When I check my sheared samples on a gel, the smear profile looks much different that the size range you indicate on your protocol. Why is that?
The smear profile on a gel is depended on the concentration of the loaded DNA sample, as well as staining technique that is used. Overloading the gel will give an impression of a wider distribution. Also, staining the gel after the electrophoresis will avoid the gradient formation of Ethidium Bromide.
37.
In what type of buffers can I shear my DNA?
We recommend Tris-EDTA pH 8.0 buffer (TE) or 10mM Tris-HCl pH 8.0 to shear the DNA.
38.
Does the DNA source have an effect on the shearing conditions and results?
The Covaris AFA random fragmentation is a DNA source independent process. The protocols on
Covaris web site were developed using lambda and E. coli genomic DNA. Larger or shorter length of starting material may require longer dose to ensure the desired fragments sizes.
39.
When I am done using the Covaris system, how should I properly shut it down?

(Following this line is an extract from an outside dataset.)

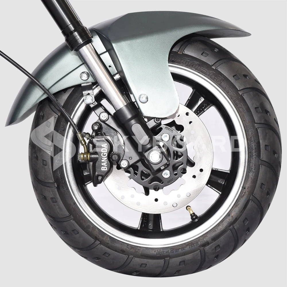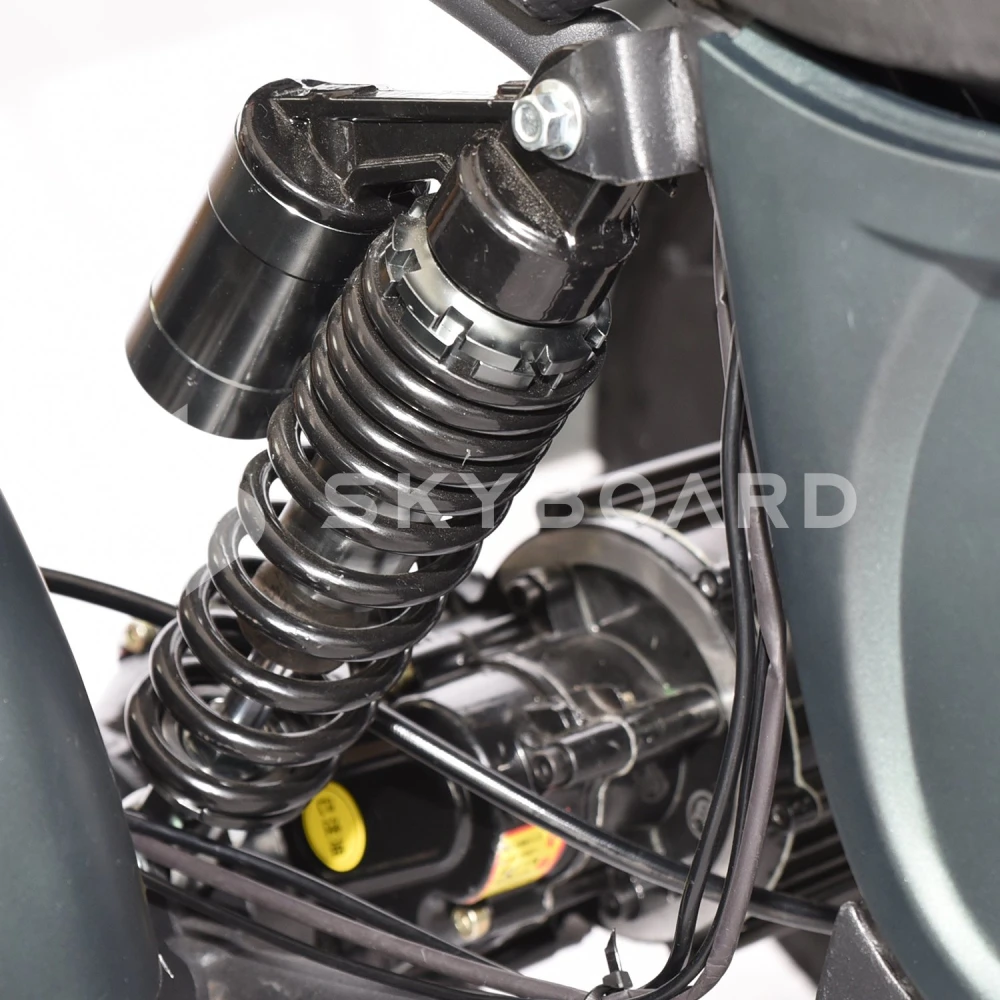 Съемный литиевый аккумулятор 20А 60V позволяет совершить непрерывные поездки дальностью от 40 км при условии движения на максимальной скорости, которая составляет 40 км/ч. Мощность электродвигателя – 2000 Вт, за счет чего происходит мгновенный набор скорости.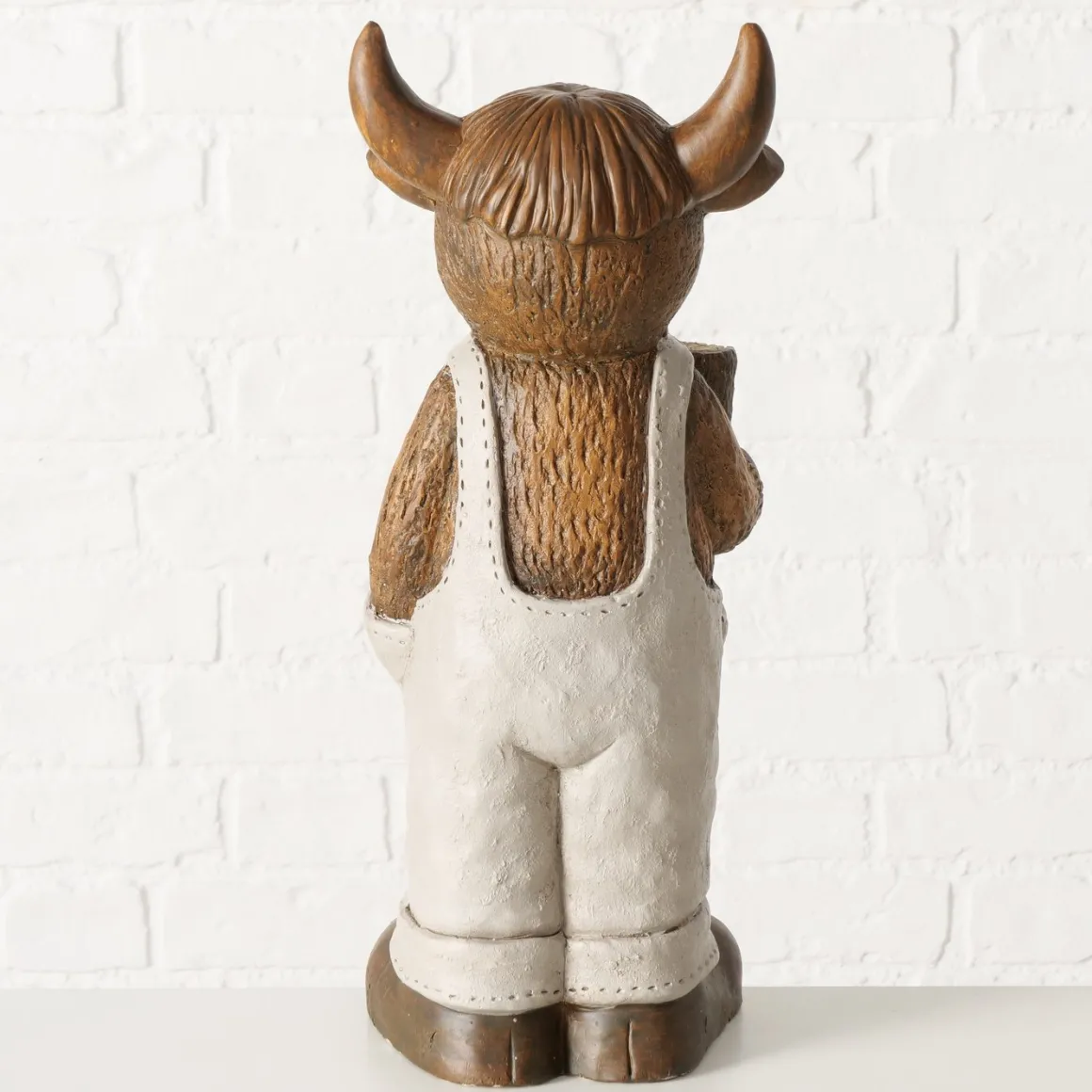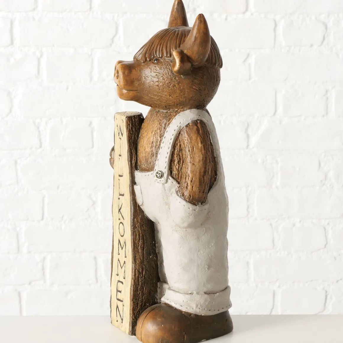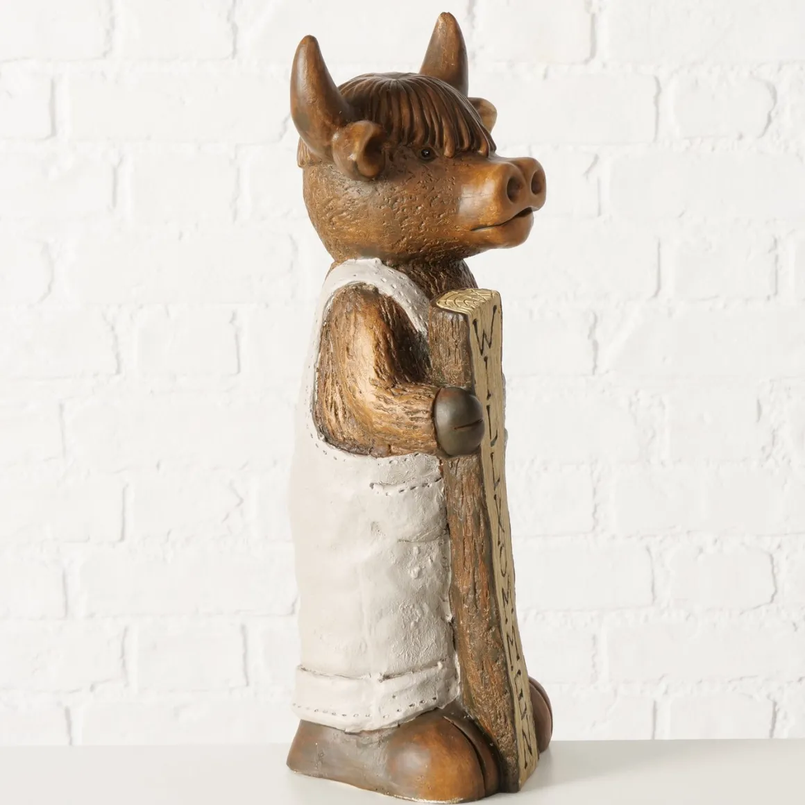 Deko Figur Schottisches Hochlandrind Buffi Willkommen, Hochlandrind mit Latzhose und Schild, Boltze Home Collections

To shut down the instrument, turn off degassing and raise the acoustic assembly to lift the transducer out of the water, and empty the water bath. Place the tank back on the instrument, and turn on the degass pump for 5 seconds to empty the remaining liquid dry it with a lint-free cloth and place it back into

system. The long-term submersion of the transducer in the water bath when not in use may result in permanent damage to the system.
40.
What is AFA-grade water?
It is water meeting AFA-grade specifications (ASTM Type III or ISO Grade 3) such as Covaris
#520101. AFA-grade water is required for Covaris Focused-ultrasonicators to properly complete the acoustic circuit.
41.
How do you determine the target Base Pair (Peak)?
Looking at the electropherogram generated by the Agilent BioAnalyzer with the 12k chip we determine the maximum amplitude of the curve. This value determines the peak size.